By default, FindSSU sends sequences to a remote classification server. In call mode, gene-calling is performed locally and only the extracted SSU sequences are sent to the server, minimizing network traffic. Lookup by name or TaxID and literal sequence queries also work through the server by default. Use local to load the reference database locally and skip the server entirely.

Parameters

Input Parameters

in=<file>: Input file(s). Loose filenames are also accepted as positional arguments. Accepts FASTA, FASTQ, and gzipped variants.
ref=<file>: Pre-built combined SSU+ITS DDL reference file (TSV format). Default: resources/ssuSketchDDL.tsv.gz. Only needed in local mode.
ref16s=<file>: Separate 16S reference file. Overrides the default combined reference for 16S sequences.
ref18s=<file>: Separate 18S reference file. Overrides the default combined reference for 18S sequences.
refits=<file>: Separate ITS reference file. Default: resources/itsSketchDDL.tsv.gz if present. Use to provide a custom ITS DDL reference database.
qf=<file>: Pre-built DDL query file for batch comparison. Queries are loaded from this file instead of raw sequences.

Mode Parameters

call: Enable gene-calling mode. Input is treated as genomic sequence; SSU genes are found via PGM model, then each is individually classified. In client mode, gene-calling runs locally and only extracted SSUs are sent to the server.
literal=<seq>: Provide a query sequence directly on the command line instead of from a file. Works via server (default) or locally. Example: literal=GATGAACGCTGGCGG...
name=<name>: Look up a reference by organism name instead of comparing sequences. Accepts full names (name=Escherichia_coli), abbreviated genus.species (name=E.coli), or partial prefix matches. Outputs TID, Type, Name, and Sequence. Works via server (default) or locally. Combine with type filter flags (its, 16s, etc.) to restrict results.
tid=<int>: Look up a reference by NCBI TaxID (e.g. tid=562).
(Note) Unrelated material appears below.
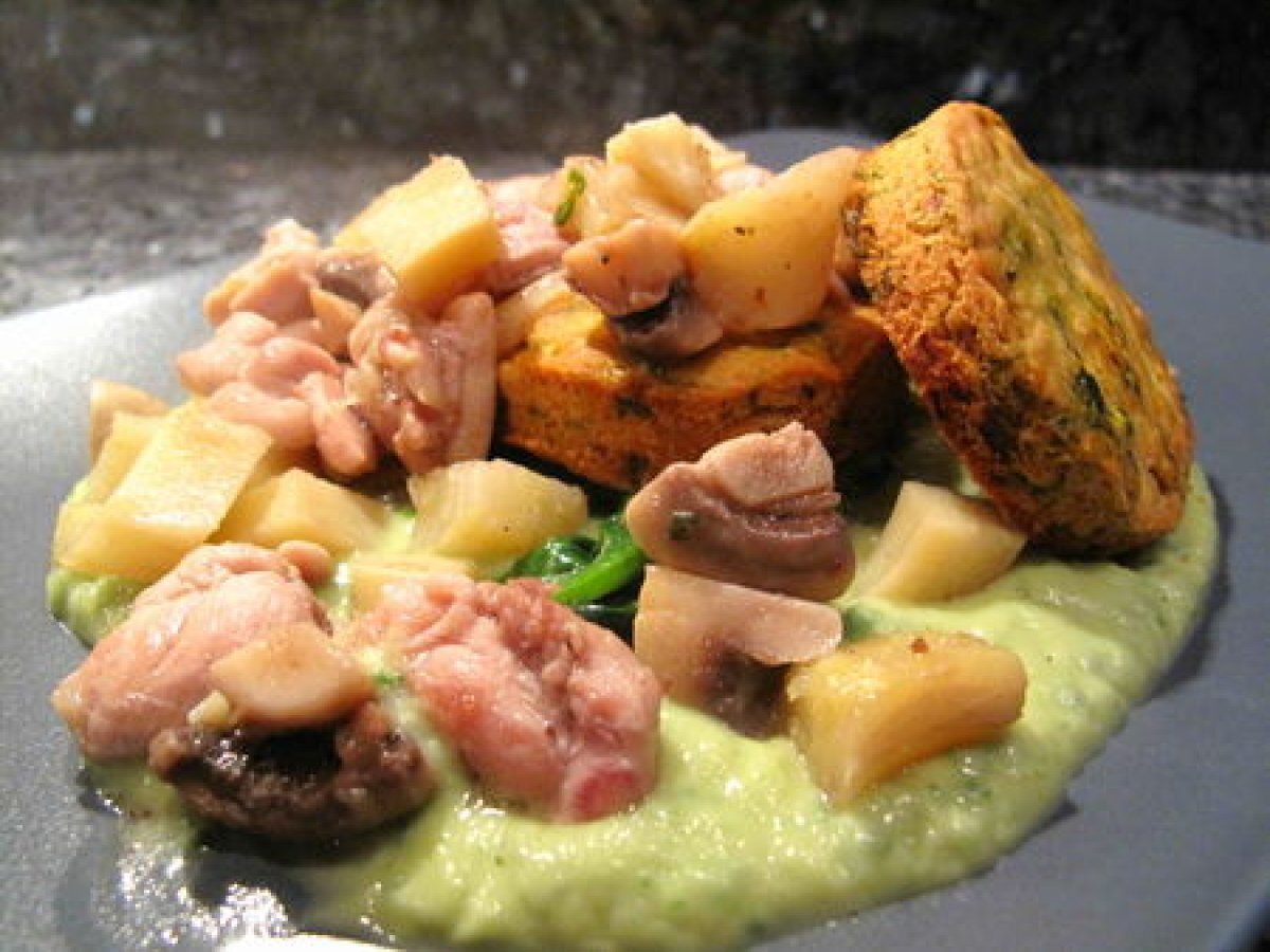 Poulet sauté aux artichauts sur coulis d'artichauts à l'ail des ours votez maintenant Platfacile1 h 10 m Envoyer cette recette à un ami Imprimer cette page Poser une question à l'auteur Publier votre photo de cette recette Ingrédients 4 Pour le coulis d'artichauts à l'ail des ours : un peu de matière grasse 8 fonds d'artichauts surgelés environ 1/2 litre de bouillon de volaille sel, poivre 75 g de beurre pommade les 3/4 d'un gros bouquet d'ail des ours Pour les épinards : 1 kilo d'épinards frais non préparés, préparés 2 grosses gousses d'ail, pelées, coupées en 2 et dégermées un peu de matière grasse sel, poivre Sauté de poulet aux artichauts : 4 cuisses de poulet sans peau sans os et coupées en morceaux de la taille d'une bouchée 4 fonds d'artichauts surgelés 1 poignée de champignons de Paris 4 échalotes pelées et ciselées 1 gousse d'ail, pelée et hachée 1 verre de vin blanc un peu de matière grasse sel, poivre un filet d'huile de noisette pour servir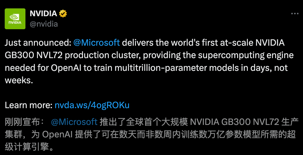 纳德拉官宣,全球首个配备4600+ GB300的超算率先上线,专攻OpenAI。预计,未来将扩展到十万块GPU。

Outputs TID, Type, Name, and Sequence. Works via server (default) or locally. Combine with type filter flags to restrict results by ribo type.
its: In lookup mode, return only ITS records. Example: findssu.sh name=Saccharomyces_cerevisiae its returns only ITS records for that organism. Combinable with 16s: its 16s returns both ITS and 16S records.
16s: In lookup mode, return only 16S records. Combinable with other type flags.
18s: In lookup mode, return only 18S records. Combinable with other type flags.
ssu: In lookup mode, return only SSU records (matches both 16S and 18S). Equivalent to specifying 16s 18s. Combinable with its.
local: Force local mode. Loads the reference database and performs all classification locally without contacting the server. Requires the SSU DDL reference file in resources/.
server=t: Use the JGI SSU server (default). Equivalent to local=f.
address=<url>: Override the default server address for client mode. Example: address=http://myserver:3070/.

Comparison Parameters

records=5: Maximum hits to display per query sequence.
minhits=8: Minimum shared index keys required to compare a reference. Lower values increase sensitivity but slow down the search.
buffer=0: Alignment buffer size. After index filtering, the top max(buffer, 20+2*records) candidates are aligned, then re-sorted by alignment ANI. Bounds alignment cost while ensuring the best match is captured.
index=t: Use inverted index for query acceleration. Disabling this forces brute-force comparison against all references.
align=t: Perform SSU/ITS alignment for ANI calculation. When enabled, top candidates are aligned using QuantumAligner for precise ANI scores.
banself=f: Skip self-comparisons when query and reference share a TaxID. Useful for leave-one-out evaluation.
k=19: K-mer length for hashing. Must match the reference database.
buckets=128: Number of DDL buckets. Must match the reference database.
exponent=4: DDL exponent bits. Must match the reference database.
t=auto: Number of threads. Defaults to all available cores. Higher values improve speed for batch queries in local mode.

Output Parameters

format=tab: Output format. Options: tab (tab-delimited, default), json (JSON array).
sequence=f: Print the SSU or ITS sequence as the last output column. In lookup mode (name= or tid=), the sequence is always included in output.
rank=f: Print rank column in output.
lineage=f: Print full taxonomic lineage column in output.
printname=t: Show the Name column in output.
printtid=t: Show the TID column in output.
loud=f: Print detailed subphase timing and internal configuration. Useful for benchmarking and debugging.

Java Parameters

-Xmx: Set Java's memory usage, overriding autodetection. Example: -Xmx20g for 20 GB. The max is typically 85% of physical memory. Default is 3200m for client mode.
-eoom: Exit if an out-of-memory exception occurs. Requires Java 8u92+.
-da: Disable assertions.

Output Columns

Default tab-delimited output includes the following columns:

ANI: Average Nucleotide Identity from SSU/ITS alignment (0–1 scale). The primary accuracy metric.
WKID: Weighted Kmer Identity from DDL sketch comparison (0–1 scale).
Matches: Number of shared DDL index keys between query and reference.
Type: Reference type: 16S, 18S, or ITS.
qLen / rLen: Query and reference SSU/ITS sequence lengths in bases.
TID: NCBI Taxonomy ID of the reference organism.
Name: Reference organism name from the TaxTree.
File / Contig / Start / Strand: Query source information: input filename, contig name, SSU/ITS start position, and strand (+/-).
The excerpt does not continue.